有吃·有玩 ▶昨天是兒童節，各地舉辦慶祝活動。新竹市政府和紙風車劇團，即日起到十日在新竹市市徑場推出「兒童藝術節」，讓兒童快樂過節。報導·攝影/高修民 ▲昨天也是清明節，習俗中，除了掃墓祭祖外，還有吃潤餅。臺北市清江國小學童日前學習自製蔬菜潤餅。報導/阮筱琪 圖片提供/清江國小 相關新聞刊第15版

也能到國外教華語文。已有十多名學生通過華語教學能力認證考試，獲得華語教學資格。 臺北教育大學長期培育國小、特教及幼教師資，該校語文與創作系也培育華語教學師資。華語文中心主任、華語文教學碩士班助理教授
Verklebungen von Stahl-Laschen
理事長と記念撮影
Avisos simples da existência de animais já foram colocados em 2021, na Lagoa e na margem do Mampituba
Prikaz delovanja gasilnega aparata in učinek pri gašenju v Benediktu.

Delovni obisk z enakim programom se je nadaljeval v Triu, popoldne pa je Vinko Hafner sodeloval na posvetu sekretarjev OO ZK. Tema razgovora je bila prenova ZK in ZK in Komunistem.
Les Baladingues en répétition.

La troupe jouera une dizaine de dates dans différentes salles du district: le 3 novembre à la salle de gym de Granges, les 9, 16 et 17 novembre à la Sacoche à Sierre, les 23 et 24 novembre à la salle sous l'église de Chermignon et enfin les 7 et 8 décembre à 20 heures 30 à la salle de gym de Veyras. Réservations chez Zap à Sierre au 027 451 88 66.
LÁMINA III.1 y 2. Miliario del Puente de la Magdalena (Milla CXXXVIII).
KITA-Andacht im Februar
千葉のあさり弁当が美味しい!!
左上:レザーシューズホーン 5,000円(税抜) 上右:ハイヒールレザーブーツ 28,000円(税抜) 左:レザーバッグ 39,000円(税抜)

****

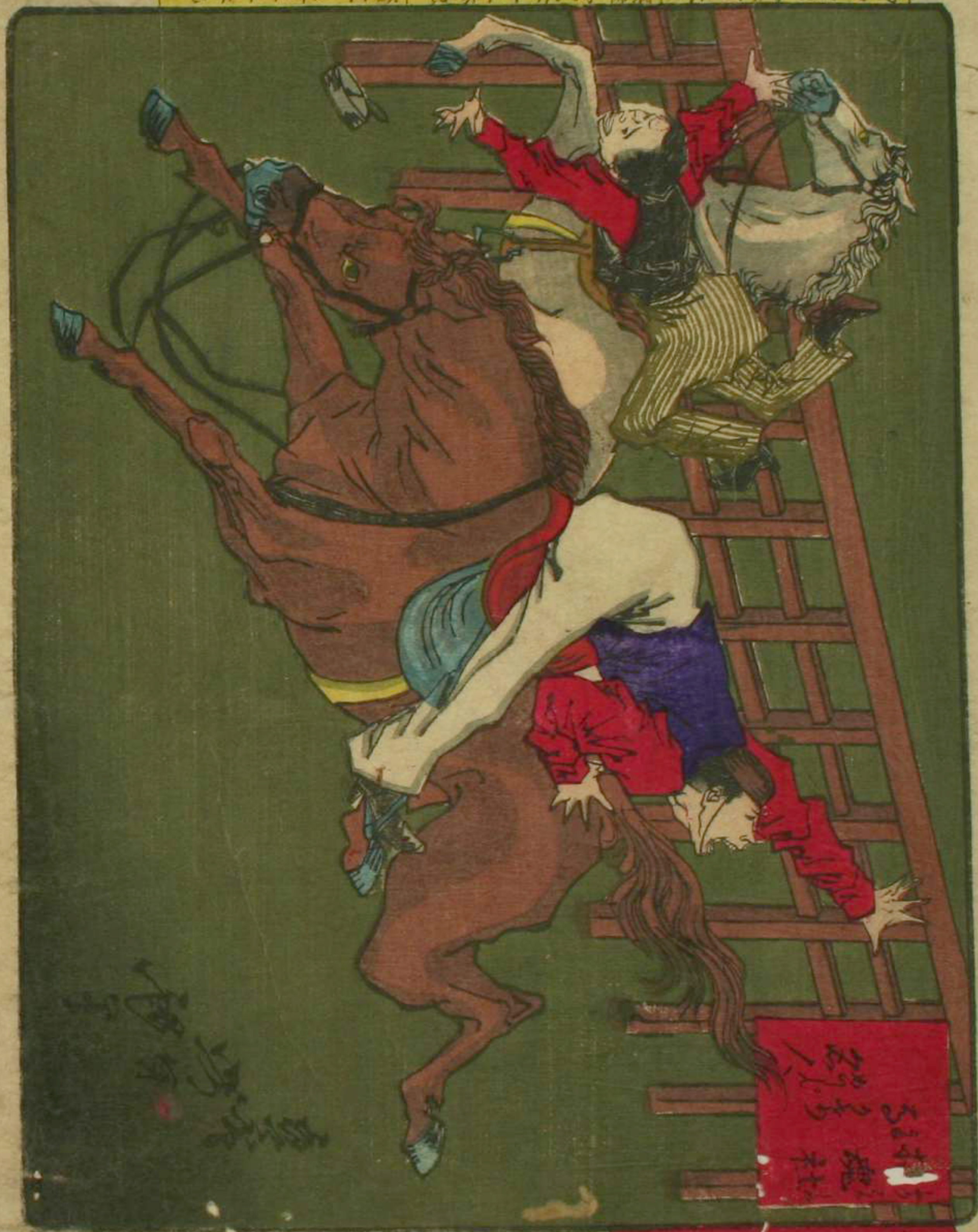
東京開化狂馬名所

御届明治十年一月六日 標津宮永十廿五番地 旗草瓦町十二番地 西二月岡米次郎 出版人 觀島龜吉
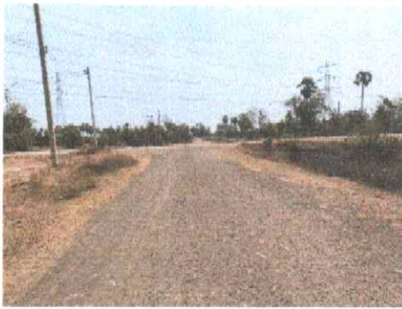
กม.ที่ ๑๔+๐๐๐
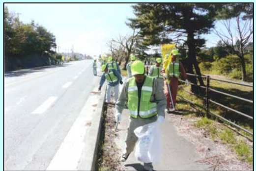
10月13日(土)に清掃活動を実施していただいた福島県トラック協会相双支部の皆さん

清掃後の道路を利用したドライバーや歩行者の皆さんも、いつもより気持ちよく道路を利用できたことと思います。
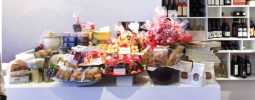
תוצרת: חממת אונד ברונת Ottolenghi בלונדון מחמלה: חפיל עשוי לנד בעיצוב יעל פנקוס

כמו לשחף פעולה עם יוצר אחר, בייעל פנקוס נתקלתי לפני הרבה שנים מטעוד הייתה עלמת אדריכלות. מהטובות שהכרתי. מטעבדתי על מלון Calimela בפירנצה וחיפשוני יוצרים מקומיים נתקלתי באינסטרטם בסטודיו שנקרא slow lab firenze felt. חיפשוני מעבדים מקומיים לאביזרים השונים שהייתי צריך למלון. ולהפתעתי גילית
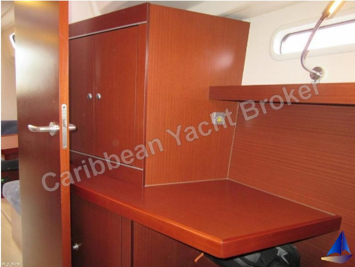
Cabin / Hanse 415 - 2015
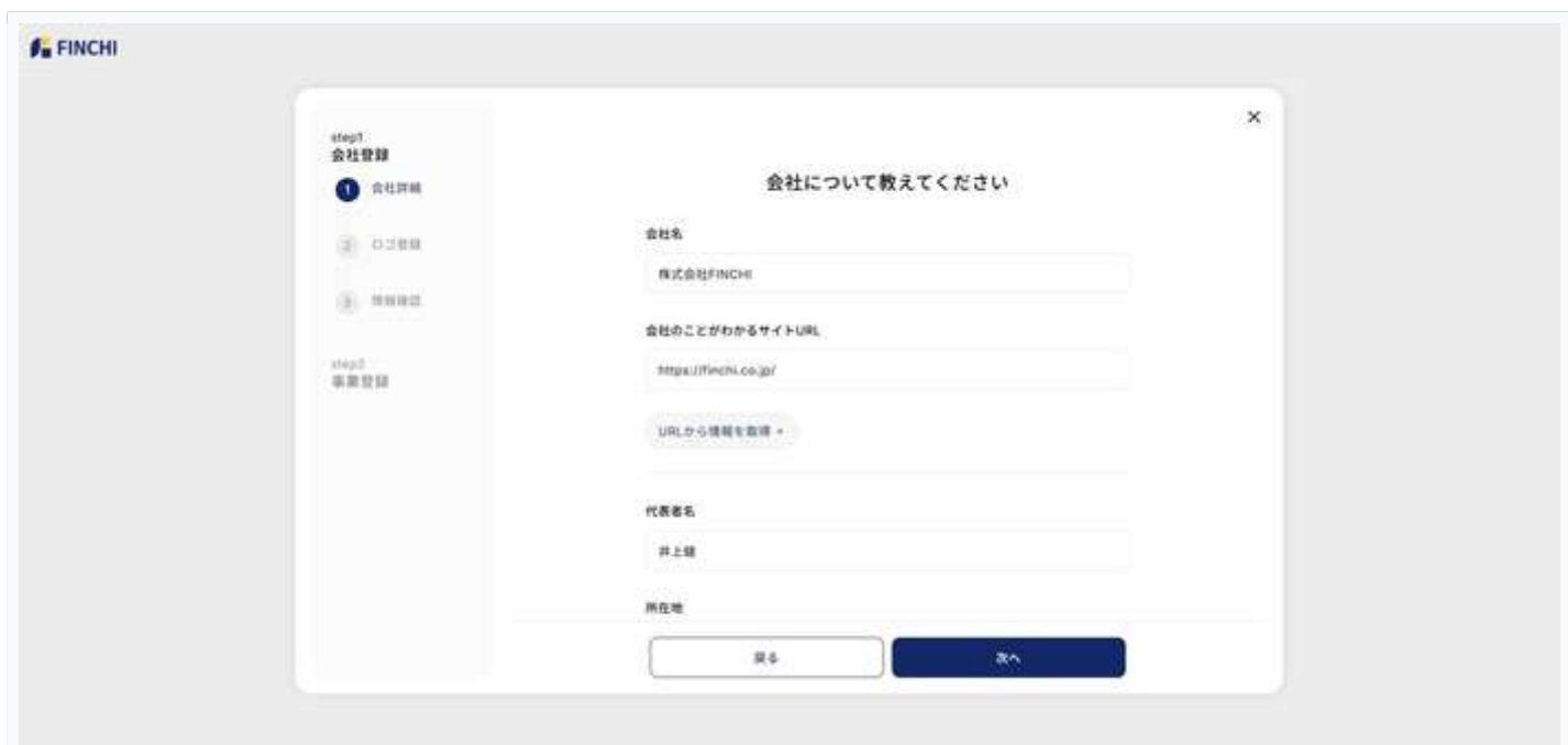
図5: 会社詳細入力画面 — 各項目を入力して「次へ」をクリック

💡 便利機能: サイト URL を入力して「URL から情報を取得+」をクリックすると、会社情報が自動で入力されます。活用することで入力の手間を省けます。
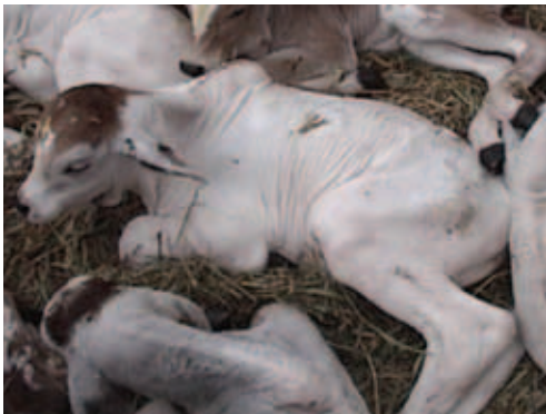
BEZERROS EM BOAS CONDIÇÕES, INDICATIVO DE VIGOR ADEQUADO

****

• [Exercise objective]:
When copying from the data above, begin at the line containing "図5: 会社詳細入力画面 — 各項目を入力して「次へ」をクリック" and end at the line containing "BEZERROS EM BOAS"; return those lines exactly and leave all pictures behind.

• [Solution to this exercise]:
図5: 会社詳細入力画面 — 各項目を入力して「次へ」をクリック

💡 便利機能: サイト URL を入力して「URL から情報を取得+」をクリックすると、会社情報が自動で入力されます。活用することで入力の手間を省けます。
BEZERROS EM BOAS CONDIÇÕES, INDICATIVO DE VIGOR ADEQUADO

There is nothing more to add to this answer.